Avec la détermination et la volonté que nous montrons depuis 26 ans, nous clamons :
Frontière ! Parfois tu nous a emprisonnéEs, tu fus camp de concentration en Tchechenie, tu nous a fait subir torture et mort.
Frontière ! Parfois tu nous a jetéEs dehors, tu nous a confisqué notre travail avec la Loi de moralisation tu nous a viréEs des restaurants où on se nourrissait, de nos maisons où on s’abritait. Tout le long de l’histoire de l’humanité, tu fus toujours, du côté des fortEs. Tu n’as pas respecté nos corps et notre volonté. Tu fus agression dans la rue, et thérapie de réhabilitation dans les hôpitaux.
Frontière ! Parfois tu fus barricade policière, tu nous as empêchéEs de marcher. Parfois tu fus les lois qui nous séparent de nos identités, tu nous as empêchéEs d’atteindre nos droits.
Cette année, nous voulons lors de la Semaine des Fiertés, parler de toutes les frontières bâties au profit des fortEs, combattre ces frontières de toutes nos forces, et rendre visibles, les frontières invisibles.

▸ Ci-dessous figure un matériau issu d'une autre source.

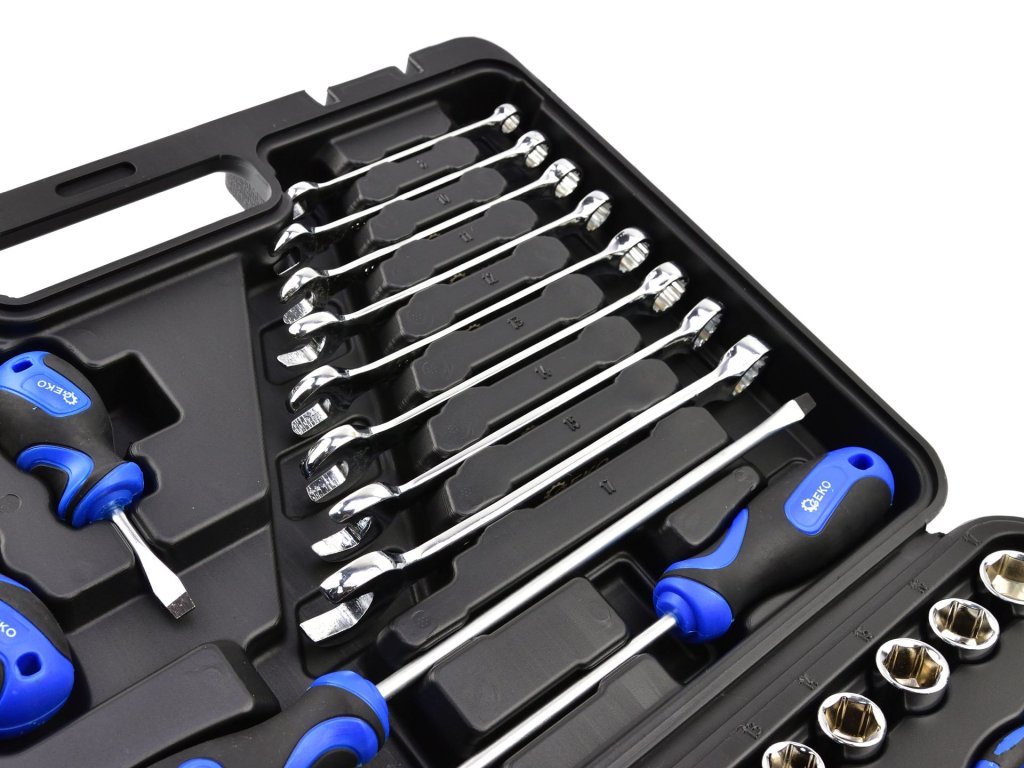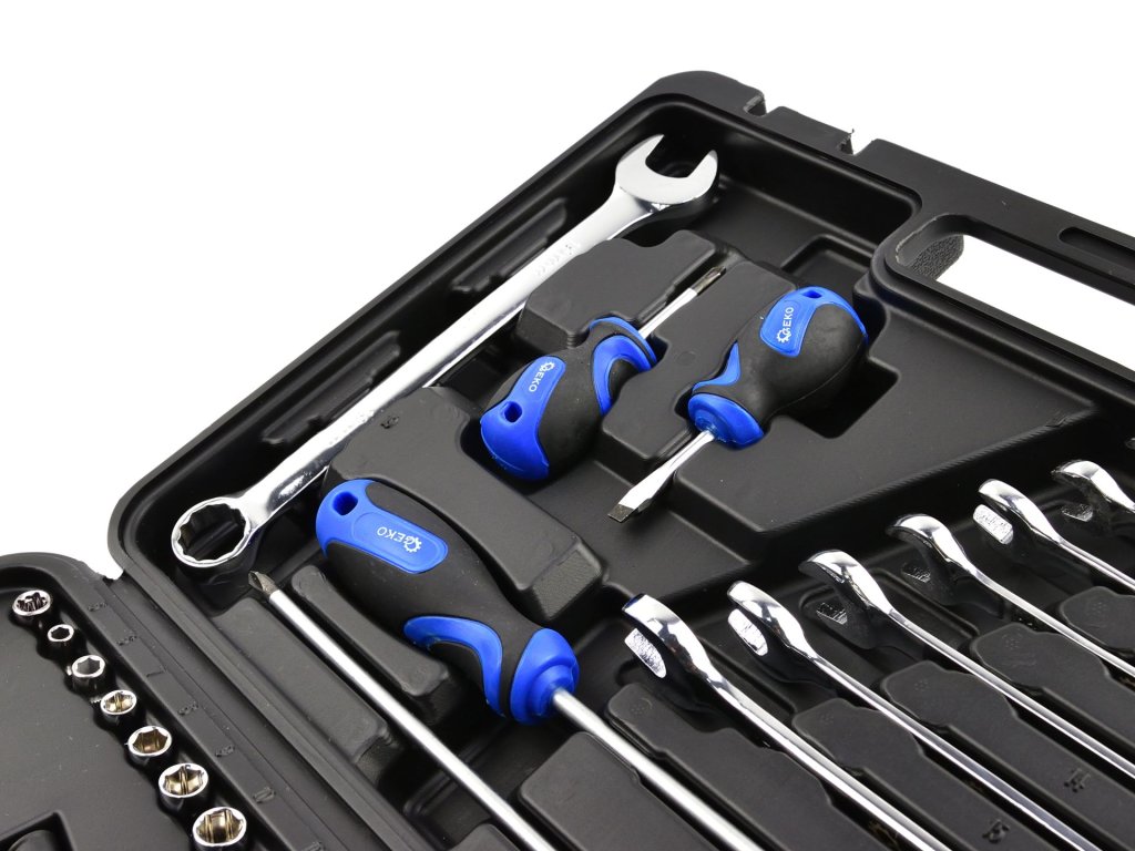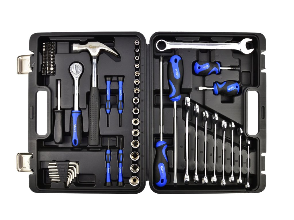 73dielna sada ručného náradia, univerzálne použitie, v plastovom kufri s kovovými prackami – GEKO G10108
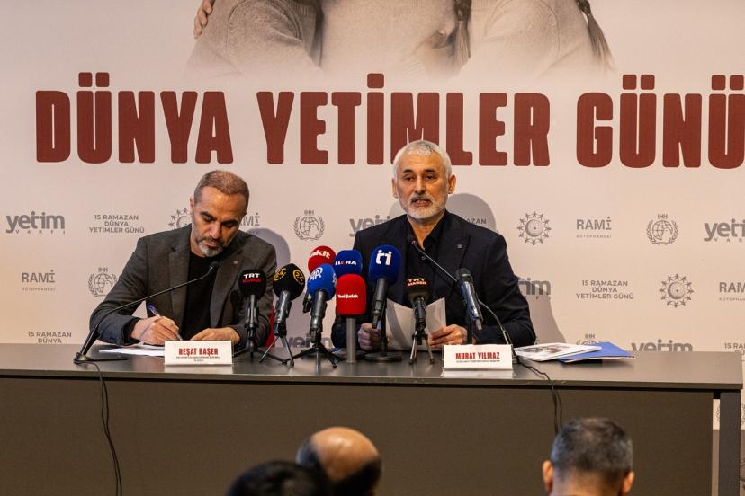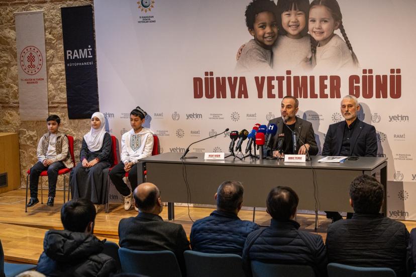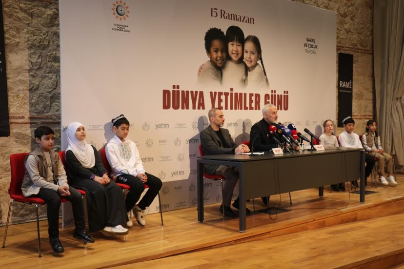Yetim Vakfı ve İHH İnsani Yardım Vakfı tarafından Rami Kütüphanesi'nde gerçekleşen basın toplantısına, sivil toplum kuruluşu yetkilileri ve farklı coğrafyalardan yetim çocuklar katılım sağladı.

Nous avons la conviction, que nous ferons disparaitre “la bonne conscience morale sans limites” qui produit abondamment des propos de haine concernant nos vies, nos corps et nos sentiments, et que nous déterminerons les frontières de tout ce qui nous appartient. Nous organisons notre marche et notre semaine, pour un monde où les frontières ne nous confisquent pas nos libertés, mais qui est au contraire, leur garant.
Avec le souhait d’un monde juste et égal.
Bon 26ème Semaine des Fiertés Istanbul LGBTI !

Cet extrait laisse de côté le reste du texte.